Finding blue blobs in space sounds like an encounter with an alien out of a science fiction movie.
But the Hubble Space Telescope's powerful vision has resolved strange objects nicknamed "blobs"
and found them to be brilliant blue clusters of stars born in the swirls and eddies of a galactic
smashup 200 million years ago.

The findings are being reported by Duilia de Mello of the Catholic University of America, Washington,
D.C. and NASA's Goddard Space Flight Center, Greenbelt, Md. and her colleagues at the 211th meeting
of the American Astronomical Society in Austin, Texas.

Such "blue blobs"-weighing tens of thousands of solar masses-have never been seen in detail
before in such sparse locations, say researchers. They are more massive than most open clusters
found inside galaxies but a fraction of the mass of globular star clusters that orbit a galaxy.

Because the orphan stars don't belong to any particular galaxy, the heavier elements produced in
their fusion furnaces may easily be expelled back into intergalactic space. This may offer clues as
to how the early universe was "polluted" with heavier elements early in its history, say researchers.

The mystery is that the "blue blobs" are found along a wispy bridge of gas strung among three
colliding galaxies, M81, M82, and NGC 3077, residing approximately 12 million light-years from
Earth. This is not the place astronomers expect to find star clusters: in the "abyssal plain" of
intergalactic space. "We could not believe it, the stars were in the middle of nowhere," says de Mello.

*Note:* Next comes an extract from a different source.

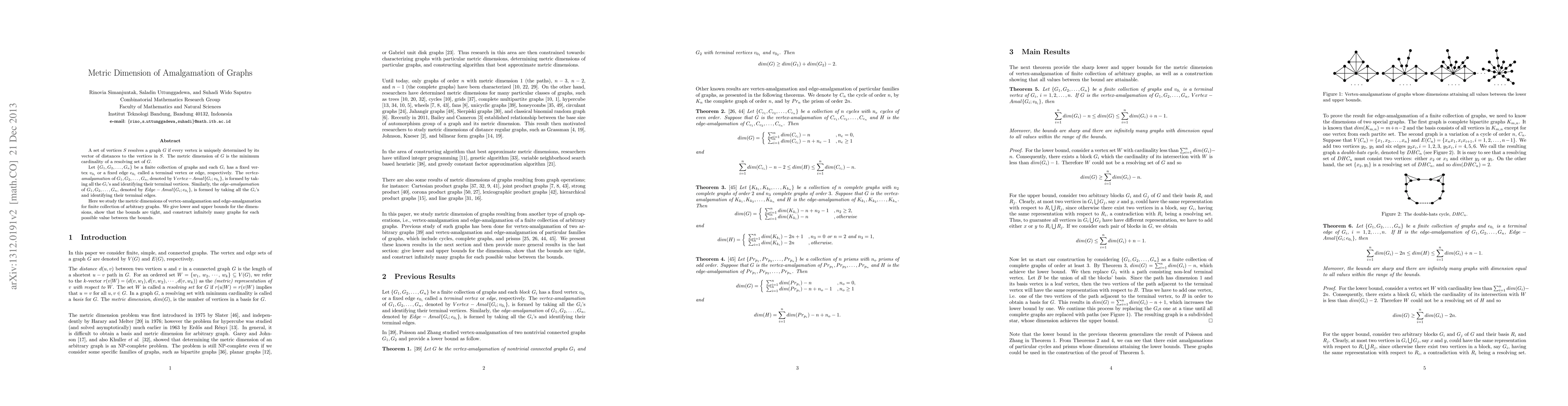 A set of vertices $S$ resolves a graph $G$ if every vertex is uniquely determined by its vector of distances to the vertices in $S$. The metric dimension of $G$ is the minimum cardinality of a resolving set of $G$. Let $\{G_1, G_2, \ldots, G_n\}$ be a finite collection of graphs and each $G_i$ has a fixed vertex $v_{0_i}$ or a fixed edge $e_{0_i}$ called a terminal vertex or edge, respectively. The \emph{vertex-amalgamation} of $G_1, G_2, \ldots, G_n$, denoted by $Vertex-Amal\{G_i;v_{0_i}\}$, is formed by taking all the $G_i$'s and identifying their terminal vertices. Similarly, the \emph{edge-amalgamation} of $G_1, G_2, \ldots, G_n$, denoted by $Edge-Amal\{G_i;e_{0_i}\}$, is formed by taking all the $G_i$'s and identifying their terminal edges. Here we study the metric dimensions of vertex-amalgamation and edge-amalgamation for finite collection of arbitrary graphs. We give lower and upper bounds for the dimensions, show that the bounds are tight, and construct infinitely many graphs for each possible value between the bounds.

The "blue blobs" are clumped together in a structure called Arp's Loop, along the tenuous gas
bridge. The gas filaments were considered too thin to accumulate enough material to actually
build these many stars, says de Mello. But Hubble reveals the "blue blobs" contain the equivalent
of five Orion Nebulae.

After finding that these "blobs" were resolved into stars, the team used the Hubble image to
measure an age for the clusters of less than 200 million years with many stars as young and
even younger than 10 million years. Not coincidentally, 200 million years is the estimated age of
the galactic collision that created the tidal gas streamers, pulled between the galaxies like taffy.

De Mello and her team propose that the star clusters in this diffuse structure might have formed
from gas collisions and subsequent turbulence, which enhanced locally the density of the gas
streams. Galaxy collisions were much more frequent in the early universe, so "blue blobs" should
have been common. After the stars burned out or exploded, the heavier elements forged in their
nuclear furnaces would have been ejected to enrich intergalactic space.

Radio observations with the Very Large Array of radio telescopes in Socorro, New Mexico, gave a
detailed map of the intergalactic bridge that revealed knots of denser gas. Studies with the 3.5-meter
WIYN telescope on Kitt Peak in Arizona mapped the optical light glow of hydrogen along the
bridge. Observations with NASA's Galaxy Evolution Explorer (GALEX) ultraviolet space telescope
revealed an ultraviolet glow at the knots, and that earned them the nickname "blue blobs."
But GALEX did not have the resolution to see individual stars or clusters. Only Hubble's Advanced
Camera for Surveys at last revealed the point sources of the ultraviolet radiation.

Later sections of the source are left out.